Gene level quantification was performed using tximeta [v1.8.4].

tximeta v1.8.4 GitHub

$ Bash example

# Install R and Bioconductor if not already present
# Rscript -e 'if (!requireNamespace("BiocManager", quietly = TRUE)) install.packages("BiocManager"); BiocManager::install("tximeta")'

# Create an R script for tximeta execution
cat << 'EOF' > run_tximeta_gene_quant.R
#!/usr/bin/env Rscript

# Load necessary libraries
library(tximeta)
library(SummarizedExperiment)

# Get input and output paths from environment variables
SALMON_OUTPUT_DIR <- Sys.getenv("SALMON_OUTPUT_DIR", stop("SALMON_OUTPUT_DIR environment variable not set."))
SAMPLE_SHEET <- Sys.getenv("SAMPLE_SHEET", stop("SAMPLE_SHEET environment variable not set."))
OUTPUT_RDS_FILE <- Sys.getenv("OUTPUT_RDS_FILE", "gene_level_quant.rds")

# Read sample sheet
coldata_df <- read.csv(SAMPLE_SHEET, stringsAsFactors = FALSE)

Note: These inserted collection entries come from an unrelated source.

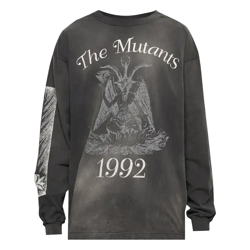 Our Black SAINT Mxxxxxx The Mutants Long Sleeve Tee captures our bold narrative in every stitch. We crafted this heavyweight 100% cotton piece with ribbed collar and cuffs for structure, pairing front, sleeve, and back graphic panels that bring The Mutants story to life. With its vintage‑washed black finish and intentional distressing, each tee is uniquely weathered and expressive. We designed this long sleeve to fit relaxed yet defined—allowing movement, comfort, and attitude.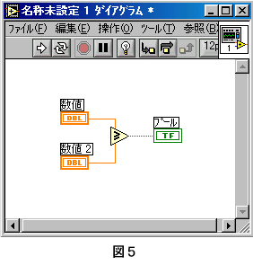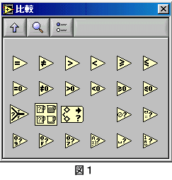 ■比較関数とブール制御器/表示器 LabVIEWには、データの比較をおこなう関数があります。(図1) 比較の結果はブール値として出力され、正しければ「TRUE」(真)、間違っていれば「FALSE」(偽)が出力されます。 では、簡単な比較のプログラムを作ってみましょう。 1.入力と出力の設定 フロントパネルにデジタル制御器を2つと円LEDを1つ設定します。(図2) ![]() 2.比較関数の設定 ダイアグラムに「Grater Or Equal?」関数(≧)を設定します。(図3) ![]() 3.関数の端子の確認 CTRL+Hを押し、ヘルプウィンドウを開きます。 ダイアグラム上の「Grater Or Equal?」関数の上にマウスポインタを置きます。 ヘルプウィンドウには、「Grater Or Equal?」関数の端子の位置が表示されます。(図4) ![]() 4.プログラム(ダイアグラム)の作成 ダイアグラム上のデジタル制御器「数値」と「Grater Or Equal?」関数の入力端子「x」を接続します。 デジタル制御「数値 2」を「Grater Or Equal?」関数の入力端子「y」に接続します。 ブール表示器「ブール」に「Grater Or Equal?」関数の出力端子「x>=y」を接続します。(図5) ![]() デジタル制御器に適当な数値を入れて実行してみてください。 正しい結果が、円LEDに表示されましたか?(比較が正しければLEDが点灯します。) 「Grater Or Equal?」関数を他の比較関数にして確認をしてみてください。 また、押しボタンを円LEDに接続して実行しみてください。(図6) 押しボタンの出力がブール値であることが確認できます。 ![]() |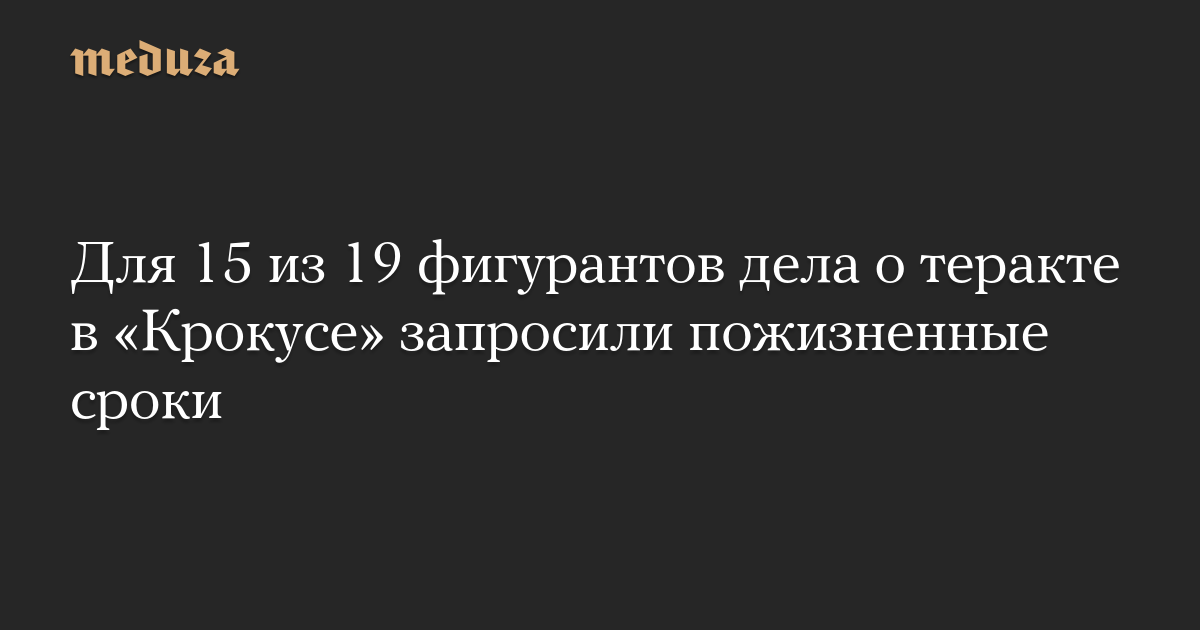 Для 15 из 19 фигурантов дела о теракте в «Крокусе» запросили пожизненные сроки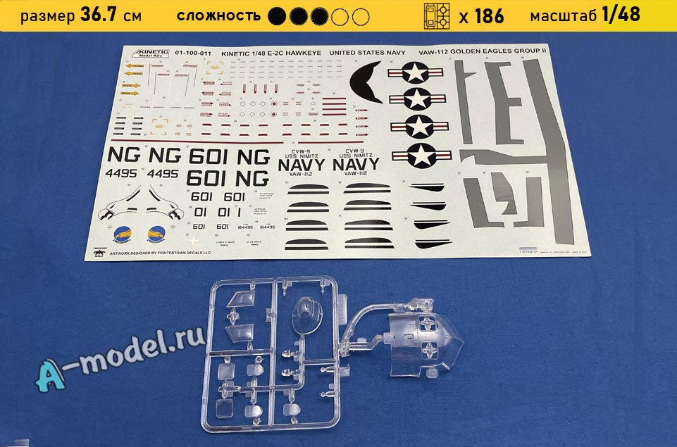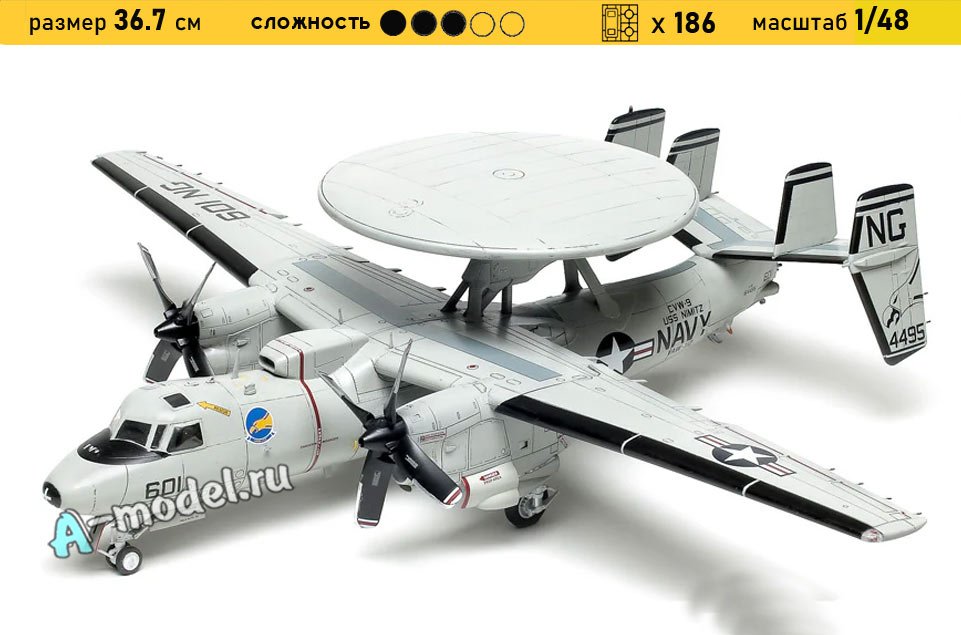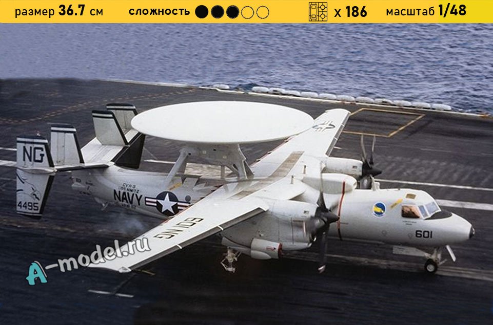 Сборная пластиковая модель палубного самолета E-2C Hawkeye в масштабе 1/48 от компании Kinetic model kits. В комплекте набора с моделью: пластиковые детали, инструкция, декали, фототравление. Отличное схождение деталей модели и прекрасное их качество помогут получить вам удовольствие и массу положительных эмоций во время сборки. Прекрасным дополнением являются декали идущие в комплекте. Понятная инструкция с крупными рисунками облегчит в понимании моментов сборки. Мы давно сотрудничаем с этим производителем, позиция с товаром оригинальна и всегда готова для покупки. У нас всегда в наличии весь ассортимент продукции. В интернет-магазине представлен ассортимент от множества других компаний связанных с моделизмом. Акции и скидки которые часто проводятся у нас позволят вам приобрести товары нашего магазина по привлекательной цене. Вы всегда можете быстро оформить заказ. Предусмотрены несколько видов оплаты банковскими картами. Ваши заказы отправляем в любую точку России после оплаты, при доставке мы выберем минимальный по цене тариф.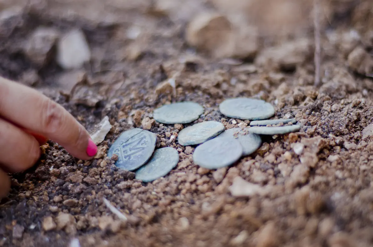 בחפירות, שנערכו בחודש יוני האחרון, נחשף מבנה גדול בן שתי קומות, ולצידו גת מורכבת לייצור יין. לדברי אנט לנדס-נגר, מנהלת החפירה מטעם רשות העתיקות, "המטמון נמצא בצמוד למבנה, בתוך מפולת של אבנים גדולות. נראה כי בעל המטמון צרר אותו בארנק בד בתוך נישה מוסתרת בקיר בעת סכנה, בתקווה לשוב ולאסוף אותו, אך היום אנו יודעים שזה לא עלה בידו".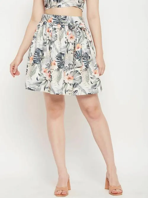 Brinns Floral Printed Pleated Tie-Up Detail Flared Skirt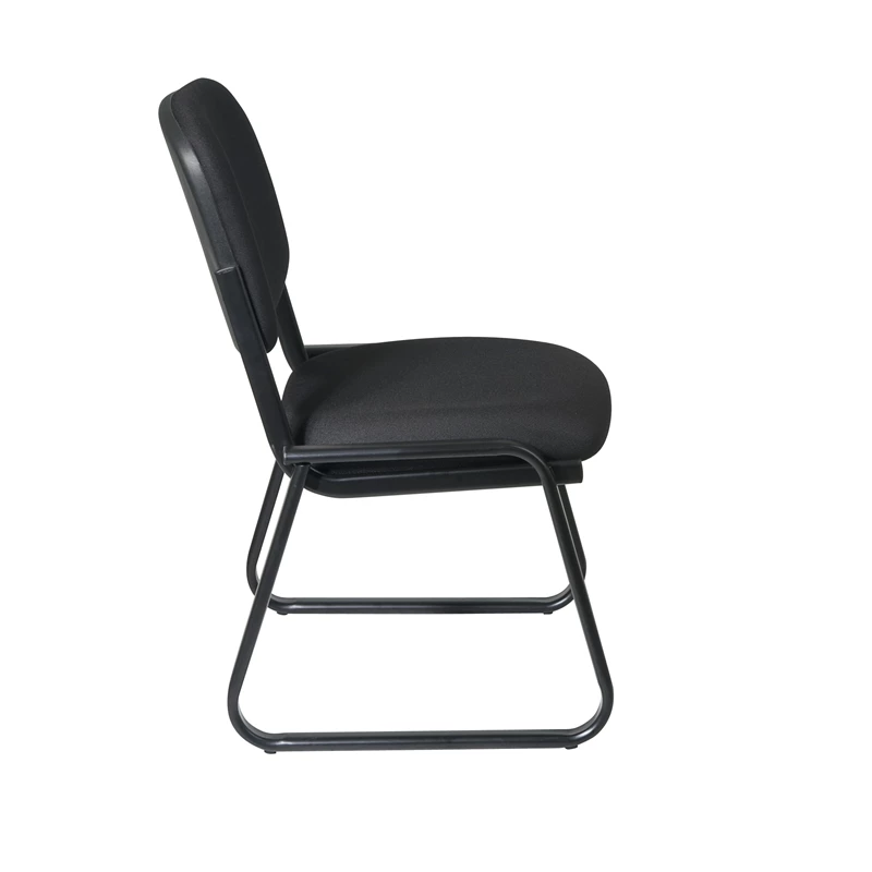 Deluxe Sled Base Armless Chair with Designer Plastic Shell in Black Durable & functional seating arrive to you in the form of the deluxe Sled Base Chair. Available a Classic Black fabric that can easily match existing home, office, or lobby décor, this light weight yet remarkably sturdy chair is fully equipped with thick high quality padding that provides you and your visitors with the best in seating comfort. Constructed with a stout steel frame that is fully finished in black, this chair can comfortably withstand the weight of individuals of both large and small statures and contend with the wear and tear of daily use. Fully backed by our 15 Year limited Warranty, you can relax in comfort knowing that this seating option will provide you with comfort and professional looks for years to come. Add to cart now and start enjoying this awesome piece for years to come.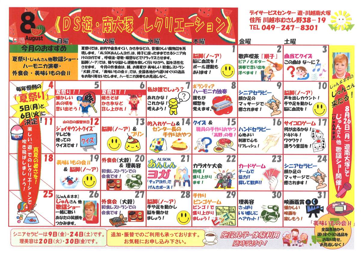 8月レクリエーションカレンダー★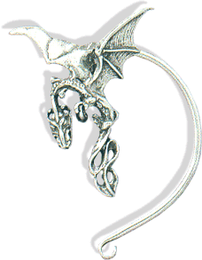 | ew20 - Winged Dragon Ear Wrap - I was enchanted by this dragon when first I saw him and set off to find a way to provide my customers with ones just like him. Typically draconic, he perches over the ear in a protective yet menacing posture sure to draw attention from everyone! Solid sterling silver. |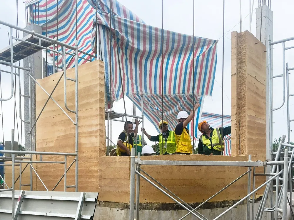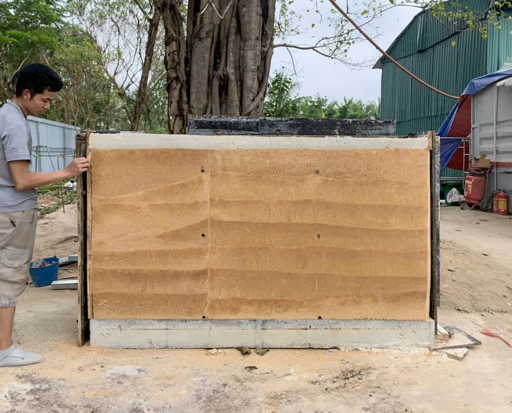 Originally proposed to reduce the climate footprint of the house, rammed earth was later embraced for its tactile and aesthetic qualities. Eden Villa pioneers the use of this construction technique in Vietnam at an architectural scale. While rammed earth has been used historically in mountain villages, the method has largely faded from modern practice. This is the first project in Vietnam - and one of the largest in Southeast Asia - to use rammed earth within building code, with a custom mix developed specifically for the villa.

# Ensure 'sample_name' and 'condition' columns exist
if (!"sample_name" %in% colnames(coldata_df)) {
  stop("Sample sheet must contain a 'sample_name' column.")
}
if (!"condition" %in% colnames(coldata_df)) {
  warning("Sample sheet does not contain a 'condition' column. Using 'unknown' as placeholder.")
  coldata_df$condition <- "unknown"
}

# Construct 'files' column pointing to quant.sf
coldata_df$files <- file.path(SALMON_OUTPUT_DIR, coldata_df$sample_name, "quant.sf")

# Set 'names' for tximeta
coldata_df$names <- coldata_df$sample_name
rownames(coldata_df) <- coldata_df$names

# Check if all quant.sf files exist
if (!all(file.exists(coldata_df$files))) {
  missing_files <- coldata_df$files[!file.exists(coldata_df$files)]
  stop(paste("Missing quantification files:", paste(missing_files, collapse = ", ")))
}

# Perform tximeta import
message("Importing quantification data with tximeta...")
se <- tximeta(coldata_df)

# Summarize to gene level
message("Summarizing to gene level...")
# tximeta automatically links to appropriate TxDb/EnsDb objects based on the Salmon index metadata.
# For human, this typically means GRCh38 and a recent Ensembl annotation.
gse <- summarizeToGene(se)

# Save the gene-level SummarizedExperiment object
message(paste("Saving gene-level SummarizedExperiment to", OUTPUT_RDS_FILE))
saveRDS(gse, file = OUTPUT_RDS_FILE)

message("Gene-level quantification complete.")
EOF

# Make the R script executable
chmod +x run_tximeta_gene_quant.R

# Set environment variables for the R script
# Replace 'path/to/salmon_output_directory' with the actual path to your Salmon quantification results.
# Each sample's Salmon output should be in a subdirectory (e.g., salmon_output_directory/sample1/quant.sf).
export SALMON_OUTPUT_DIR="path/to/salmon_output_directory"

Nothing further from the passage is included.